<<<<
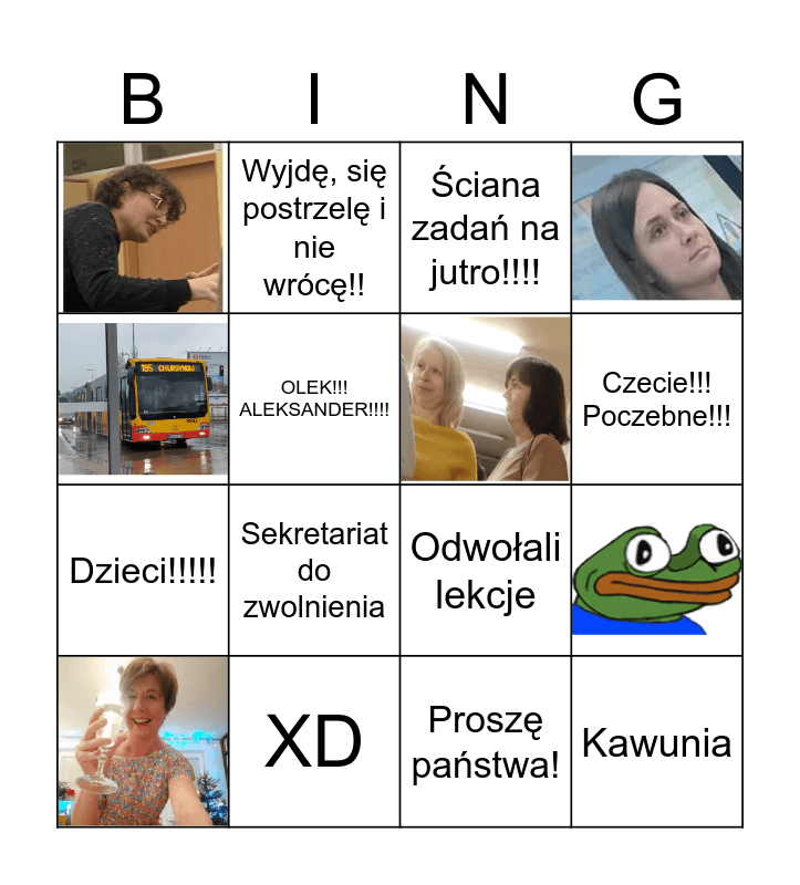 This bingo card has 6 images and 10 words: XD, Ściana zadań na jutro!!!!, Dzieci!!!!!, Wyjdę, się postrzelę i nie wrócę!!, Odwołali lekcje, Proszę państwa!, OLEK!!! ALEKSANDER!!!!, Sekretariat do zwolnienia, Czecie!!! Poczebne!!! and Kawunia.
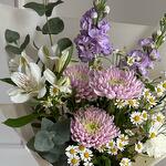 Alstroemeria - 1 pcs Matthiola - 2 pcs Eucalyptus - 3 pcs Dianthus - 2 pcs Matricaria - 3 pcs Chrysanthemum one - headed - 3 pcs Pistachio bunch - 1 pcs
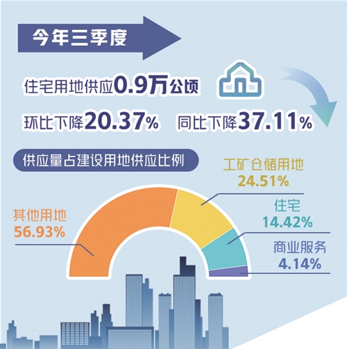 中國國土勘測規劃院新近發佈的全國主要城市地價監測報告顯示,三季度住宅用地供應0.9萬公頃,環比下降20.37%,同比下降37.11%,住宅用地供應同比增速為2015年以來單季最低。
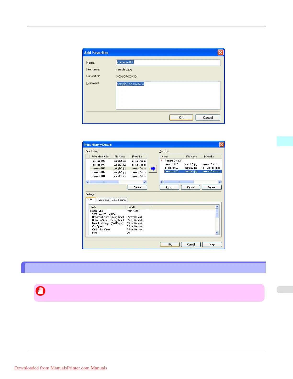 5. In the Add Favorites dialog box input the name of the print history in Name, input a comment in Comment, and
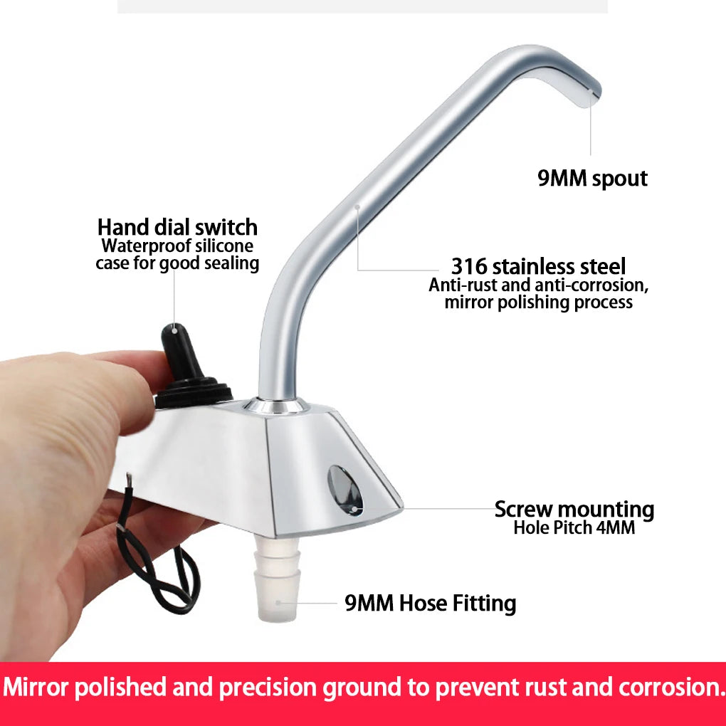 Rotation à 360 degrés : le robinet électrique 12 V peut ajuster le débit d'eau dans toutes les directions, flexible et pratique.
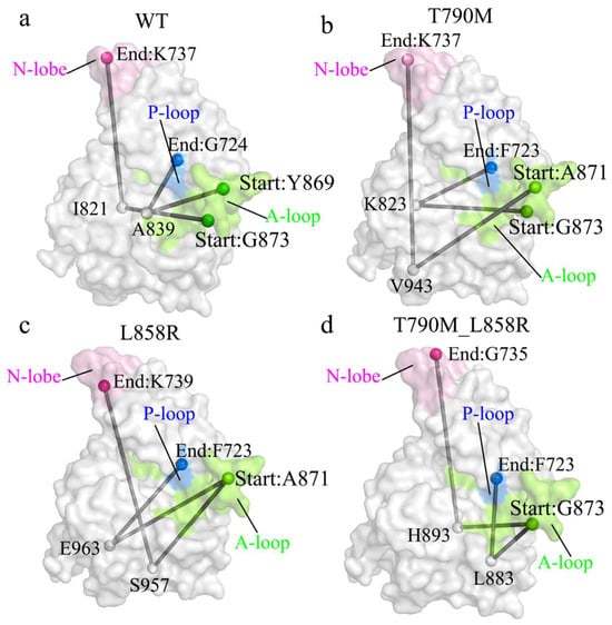 2.3. Interaction Network and Allosteric Pathway Analysis
>>>>
## Problem to work on:
Set down nothing but the lines from the one containing "Rotation à 360" to the final line above, both included, with every picture left out.

## Answer section:
 Rotation à 360 degrés : le robinet électrique 12 V peut ajuster le débit d'eau dans toutes les directions, flexible et pratique.
 2.3. Interaction Network and Allosteric Pathway Analysis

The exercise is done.